2. The Build Pipeline
2.1 Tools
- fftool — generates per-molecule coordinate files and a raw GROMACS topology from z-matrix + force field files
- Packmol — packs the molecules into the simulation box according to geometric constraints
- GROMACS 2022.2 (cluster) / 2026.2 (local workstation) — the actual MD engine
2.2 Force fields
Two force fields were combined in every system:
- Pd clusters: Heinz 2008 INTERFACE force field (12-6 LJ, parameters fit to bulk Pd properties), with cluster geometries from local DFT optimisation
- OPC water: the 4-site Izadi & Onufriev (2014) water model
- NMP: OPLS-AA, generated directly by fftool from a hand-built z-matrix
2.3 The standard topology corrections
fftool’s raw output needed the same handful of corrections on every single water-containing system, regardless of solute:
comb-rule 3→comb-rule 2in[ defaults ]. fftool defaults to geometric combining (comb-rule 3), but both the INTERFACE Pd parameters and OPC water were fit under Lorentz-Berthelot mixing (comb-rule 2, arithmetic σ, geometric ε). Leaving this at 3 silently produces the wrong Pd–water cross-term interaction.- OPC’s charge moved from the oxygen onto a massless
MWvirtual site. fftool’s raw 3-site water output puts the negative charge on the oxygen atom directly; real OPC requires a 4th massless site offset along the H-O-H bisector. [ settles ]replacing fftool’s harmonic water angle. SETTLE is GROMACS’s analytic, non-iterative rigid-water solver — far more stable than a harmonic angle constraint, and it’s what makes OPC genuinely rigid rather than springy.- Explicit
[ exclusions ]for every atom in the OPC virtual-site group (mandatory for SETTLE, since it creates no[ bonds ]for grompp’s automatic exclusion generation to trace).
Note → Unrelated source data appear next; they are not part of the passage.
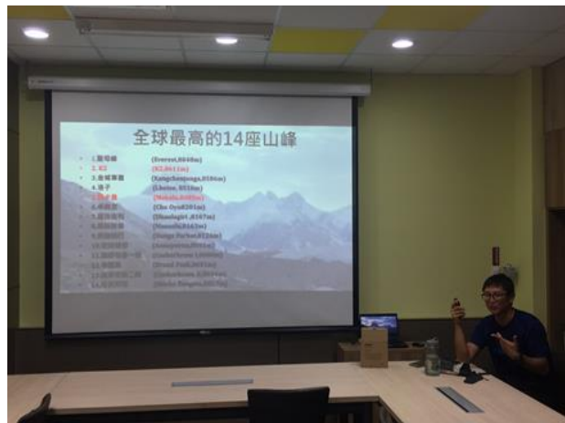
全球最高的十四座山峰
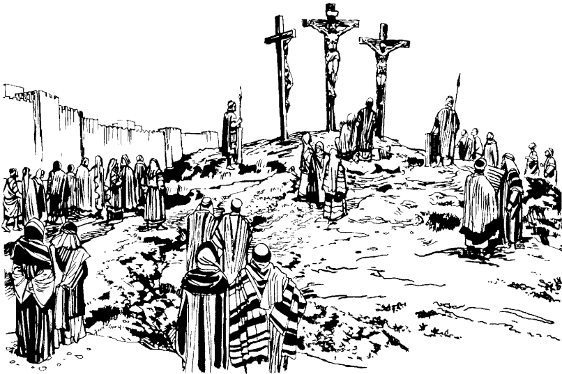
Jesusta cruzpi chakatasqanku (Mateo 27.45-56)

54 Jesús cruzpi wañuruqtinmi, soldadokunapa jefenqa, wakin soldadonkunapiwan Jesusta cuidasharanku. Paykunan chay ratopi terremoto pasaqtin, hinallataq chaypi
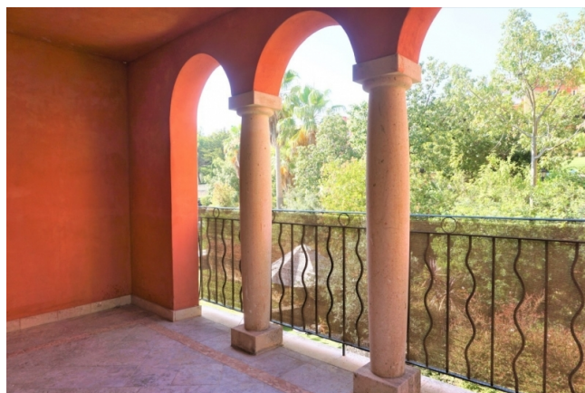
Mallorca Immobilien kaufen
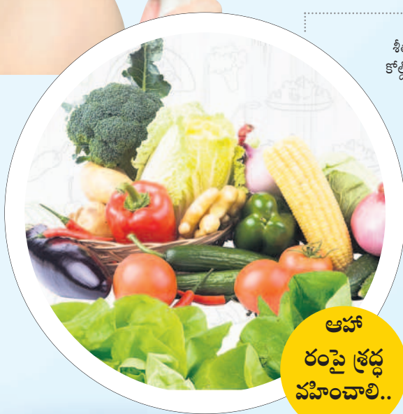
ఆహారంపై శ్రద్ధ వహించాలి..

వారం రోజులుగా పాపంమతో పాటు చలి తీవ్రత బాగా పెరిగింది. రానున్న రోజుల్లో చలి మరింత పెరిగే అవకాశం ఉన్నందున చర్మాన్ని రక్షించుకోవడానికి ప్రతి ఒక్కరూ జాగ్రత్తలు తీసుకోవడం తప్పని సరి. చలికాలం వచ్చినందులో చర్మం తెల్లగా పొడిబారిపోతుంది. అంతే కాకుండా చర్మం అసహనానికి గురి చేస్తుంది. చలికాలం ఒక్కణ్ణా చిటపటలాడుతున్నట్లు అనిపిస్తుంది. చలి తీవ్రత పెరిగే కొద్దీ చర్మం రంగు, రూపు మారిపోతాయి. చలి తాకిడికి చర్మం మృదు సుఖాన్ని కోల్పోయి చర్మంపై పగుళ్లు ఏర్పడి తీవ్ర ఇబ్బందులకు గురవుతుంటారు. పగుళ్ళ నుంచి రక్తించుకునేందుకు కోల్డ్ క్రీములను వాడుతూ చిన్న పాటి జాగ్రత్తలు పాటించి మన చర్మం సౌందర్యం నిగనిగలాడుతూ ఎలాంటి పగులళ్లకు లోను కాకుండా మృదువుగా ఉంటుంది.
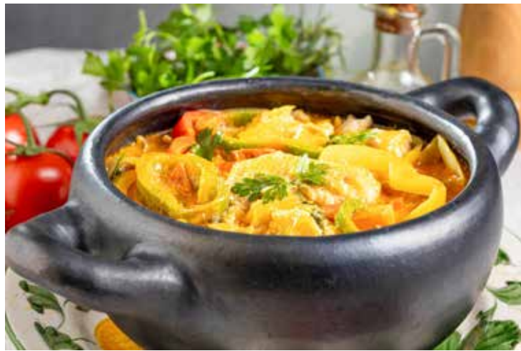
A tradicionalíssima moqueca: coentro decora e dá sabor

Em climas quentes, a planta floresce rapidamente e transita para a fase de semente, o que pode alterar o sabor do tempero. Nesse caso, cultivo e colheita devem ser ade-

For NMP-containing systems, the comb-rule correction direction was the same (3 → 2), needed specifically for the Pd–NMP cross term; NMP’s own intramolecular OPLS-AA parameters (bonds, angles, dihedrals, 1-4 pairs) were correct as generated and never needed touching.
2.4 A real, accepted limitation: two missing NMP dihedrals
fftool consistently reported two missing dihedral types for NMP: HC-CT-C-N and HC-CT-C-O — the torsions of the four hydrogens on the ring’s exocyclic CH₂ group, rotating around the C–C(=O) bond. The heavy-atom torsion across that same bond is present and correctly parameterised; only the four hydrogen-specific torsions are absent from the OPLS-AA parameter file used. This is a genuine, minor force-field coverage gap — not a build error — and is worth stating explicitly in any methods section: the rotational barrier across that bond is still captured by the heavy-atom torsion and 1-4 nonbonded terms, just without the small additional contribution from the hydrogen-specific terms.
2.5 Multi-cluster placement geometry
For every “2×” system, the two clusters were placed along the box’s 3D diagonal, symmetric about the box center, separated by exactly 45 Å:
1
2
3
half_offset = 45 / (2 × √3) = 12.9904 Å
Cluster 1: (30 − 12.9904, 30 − 12.9904, 30 − 12.9904)
Cluster 2: (30 + 12.9904, 30 + 12.9904, 30 + 12.9904)
This gives >11 Å of clearance from each cluster’s exclusion sphere to the simulation box’s periodic boundary, comfortably inside the minimum- image convention for a 60 Å box with ~12 Å nonbonded cutoffs.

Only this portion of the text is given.